Nolan doesn’t really bother with this part of the story because it would force him to acknowledge the gods in the context of Homer’s work and portray Odysseus as being worthy of some merit. Instead, his Odysseus gets lost at sea for twenty years because he’s a fucking idiot. For all the supposed intellectual quality of Nolan, his film and his characterisation of Odysseus are both incredibly dumb.
Truly, Nolan’s Odysseus might just be one of the stupidest characters ever depicted on screen. Whether it’s refusing to follow Agamemnon because “he’s done following Agamemnon” instead of maybe just waiting until he gets back to Ithaca or shooting arrows to incite a giant Cyclops unnecessarily, Nolan’s Odysseus is like Homer — Simpson that is. Or perhaps he’s more like Peter Griffin? Maybe that’s why the film uses Family Guy-style cutaways. Bravo Nolan.
But Nolan’s worst sin is to imply that Odysseus’s “sin” was the creation of the Trojan Horse itself, framing this as an act of deception on the part of the Greeks, conveniently ignoring the arrogance of the Trojans to accept such a “gift” blindly.
He Christianises this non-Christian work by invoking the Biblical concept of “original sin”, claiming that Odysseus’s Trojan Horse is the original sin that introduced a new dark age into the world through the introduction of deception, as if human deception didn’t exist long before the time of Odysseus and Homer and the Trojan Horse.
To paraphrase Cormac McCarthy — “Deception was always here. Before man was, deception waited for him. The ultimate trade awaiting its ultimate practitioner.” If Nolan had any understanding of human nature and history beyond that which reinforces his sophomoric views, perhaps he would have realised this.
Nolan believes that the Greeks broke “Zeus’s law” (or, “xenia”, if Nolan had bothered to pick up a book) but he forgets that Zeus remained neutral in the conflict, neither helping the Greeks or the Trojans. If the Trojan Horse broke his law, he would have interfered. Again the gods are non-existent in Nolan’s work so this larger and important point is missed. Odysseus’s Trojan Horse also ended the ten-year war. This is why he was (and still is) considered a hero and not a mopey sad sack wandering the wastes, lost in torment at what he’s done.

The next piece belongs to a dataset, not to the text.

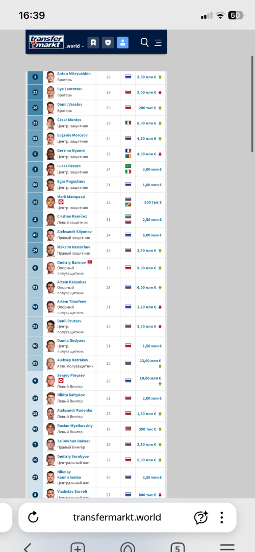 У нас сильно повысилась трансферная стоимость команды - почти 106 лямов евро, на 1 меньше, чем Динамо и на 10 меньше, чем Краснодар и почти на 13 больше ЦСКА

Nolan also changes the original text by now claiming that Odysseus and his men killed a priestess of Athena during the Trojan War. Not only is this post-modern deconstructionist bullshit, but it makes no sense. Why would Athena help both Telemachus and Odysseus if he killed one of her worshippers? Odysseus is lost at sea specifically because he insults the god of the sea, Poseidon. His men are lost because they doom themselves by eating the cattle of the sun-god, Helios — at least Nolan included this.
But then, are the gods real or not? The crewmen of Nolan’s Odysseus die at sea after committing this sin against Helios, despite having been warned not to by Tiresias in Hades. Helios doesn’t appear, but the implication is that he exists then? Nolan can’t seem to make his mind up.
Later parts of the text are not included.